Representational polyvalent alcohol comprises polyether glycol, polyester polyol, the Derlin of poly-hydroxy end-blocking, hydroxy-end capped amine and polyamines.Operable selectable polyvalent alcohol comprises the polyvalent alcohol based on zinc-containing solid catalyst and the polyvalent alcohol based on poly phosphate.Preferably by having 2 to 8, preferably the initiator of 2 to 6 active hydrogen atoms adds alkylene oxide as ethylene oxide, propylene oxide, the polyvalent alcohol of oxybutylene and combination preparation thereof.The catalyzer of described polyreaction can be negatively charged ion or positively charged ion, and catalyzer is as KOH, CsOH, and boron trifluoride, or double cyanide complex compound (DMC) catalyzer closes cobalt acid zinc or quaternary phosphonium nitrile compound as six cyanogen.
The example of suitable initiator molecule is water, organic dicarboxylic acid, and as succinic acid, hexanodioic acid, phthalic acid and terephthalic acid; And poly-hydroxy, especially dihydroxyl to eight hydroxyl alcohol or two alkylene alcohol.
Exemplary polyol initiator comprises, for example ethylene glycol, 1,2-and 1,3-PD, glycol ether, dipropylene glycol, BDO, 1,6-hexylene glycol, glycerine, tetramethylolmethane, sorbyl alcohol, sucrose, neopentyl glycol; 1,2-PD; TriMethylolPropane(TMP) glycerine; 1,6-hexylene glycol; 2,5-hexylene glycol; BDO; Isosorbide-5-Nitrae-cyclohexanediol; Ethylene glycol; Glycol ether; Triglycol; 9 (1)-hydroxymethyl Stearyl alcohols, Isosorbide-5-Nitrae-dihydroxyl methylcyclohexane; 8,8-two (hydroxymethyl), three rings [5,2,1,0 2,6] decene; Two polyalcohols; A Hydrogenated Bisphenol A; 9,9 (10,10)-bis-hydroxymethyl Stearyl alcohols; 1,2,6-hexanetriol; And the combination of above-mentioned substance.

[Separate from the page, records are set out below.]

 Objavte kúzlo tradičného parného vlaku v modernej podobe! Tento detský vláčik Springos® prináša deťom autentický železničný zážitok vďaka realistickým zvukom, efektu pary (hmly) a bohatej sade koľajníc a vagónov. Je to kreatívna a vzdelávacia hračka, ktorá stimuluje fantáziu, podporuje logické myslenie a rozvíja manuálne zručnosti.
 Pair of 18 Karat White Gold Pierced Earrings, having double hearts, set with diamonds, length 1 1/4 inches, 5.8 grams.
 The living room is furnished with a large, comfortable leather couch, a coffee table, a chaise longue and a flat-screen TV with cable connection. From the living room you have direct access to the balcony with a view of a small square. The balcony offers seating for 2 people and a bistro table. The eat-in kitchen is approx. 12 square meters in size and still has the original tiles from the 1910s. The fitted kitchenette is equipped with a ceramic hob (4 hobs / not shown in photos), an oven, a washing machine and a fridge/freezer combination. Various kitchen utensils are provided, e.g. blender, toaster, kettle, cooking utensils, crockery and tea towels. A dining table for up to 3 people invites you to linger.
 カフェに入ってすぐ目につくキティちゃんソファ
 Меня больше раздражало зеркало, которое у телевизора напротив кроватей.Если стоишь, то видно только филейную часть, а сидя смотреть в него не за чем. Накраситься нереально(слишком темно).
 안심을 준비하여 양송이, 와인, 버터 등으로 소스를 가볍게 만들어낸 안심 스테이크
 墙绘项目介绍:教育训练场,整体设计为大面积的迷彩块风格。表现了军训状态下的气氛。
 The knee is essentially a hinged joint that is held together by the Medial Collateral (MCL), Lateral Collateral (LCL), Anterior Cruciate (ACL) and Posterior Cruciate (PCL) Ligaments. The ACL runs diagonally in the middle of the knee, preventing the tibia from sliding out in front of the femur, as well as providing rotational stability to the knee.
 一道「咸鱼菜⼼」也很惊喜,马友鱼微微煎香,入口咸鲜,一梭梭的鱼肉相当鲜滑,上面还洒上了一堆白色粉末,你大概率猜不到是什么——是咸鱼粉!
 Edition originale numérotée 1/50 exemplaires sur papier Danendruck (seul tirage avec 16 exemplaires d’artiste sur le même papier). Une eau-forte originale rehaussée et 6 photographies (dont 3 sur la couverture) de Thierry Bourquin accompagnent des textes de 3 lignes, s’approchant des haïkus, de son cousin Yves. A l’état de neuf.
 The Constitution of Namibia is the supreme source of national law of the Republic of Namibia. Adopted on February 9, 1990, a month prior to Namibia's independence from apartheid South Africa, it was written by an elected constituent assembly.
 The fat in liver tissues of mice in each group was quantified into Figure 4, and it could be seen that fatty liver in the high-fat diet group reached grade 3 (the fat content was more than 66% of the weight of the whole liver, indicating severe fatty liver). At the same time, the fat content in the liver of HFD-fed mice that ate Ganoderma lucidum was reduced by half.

Traditional polyvalent alcohol based on oil can be for example to gather (propylene oxide) homopolymer, poly-(ethylene oxide) content is for example approximately 1 to approximately 30 propylene oxide of % by weight and the random copolymers of ethylene oxide, poly-(propylene oxide) polymkeric substance and the propylene oxide of ethylene oxide-capped and the random copolymers of ethylene oxide of ethylene oxide-capped.For block foam application, described polyethers per molecule preferably comprises 2-5, especially 2-4 substantially, and preferably the equivalent of 2-3 secondary hydroxyl and each hydroxyl is approximately 400 to approximately 3000, and especially approximately 800 to approximately 1750.Block and the moulded foam application for high resilience, described polyethers per molecule preferably comprises 2-6 substantially, and especially the equivalent of 2-4 primary hydroxyl and each hydroxyl is approximately 1000 to approximately 3000, especially approximately 1200 to approximately 2000.In the time using the mixture of polyvalent alcohol, nominal average functionality (number of hydroxyl in per molecule) will be preferably in above-mentioned scope.For viscoelastic foam, also use hydroxyl value be greater than 150 compared with short chain polyvalent alcohol.For the production of semi-rigid foam, preferably using hydroxyl value is 30 to 80 trifunctional polyvalent alcohol.
Described polyether glycol can contain low end-blocking degree of unsaturation (for example, be less than 0.02meq/g or be less than 0.01meq/g), is referred to as prepared by double metal cyanide (DMC) catalyzer those as used.The equivalent that the common per molecule of polyester polyol comprises approximately 2 hydroxyls and each hydroxyl is about 400-1500.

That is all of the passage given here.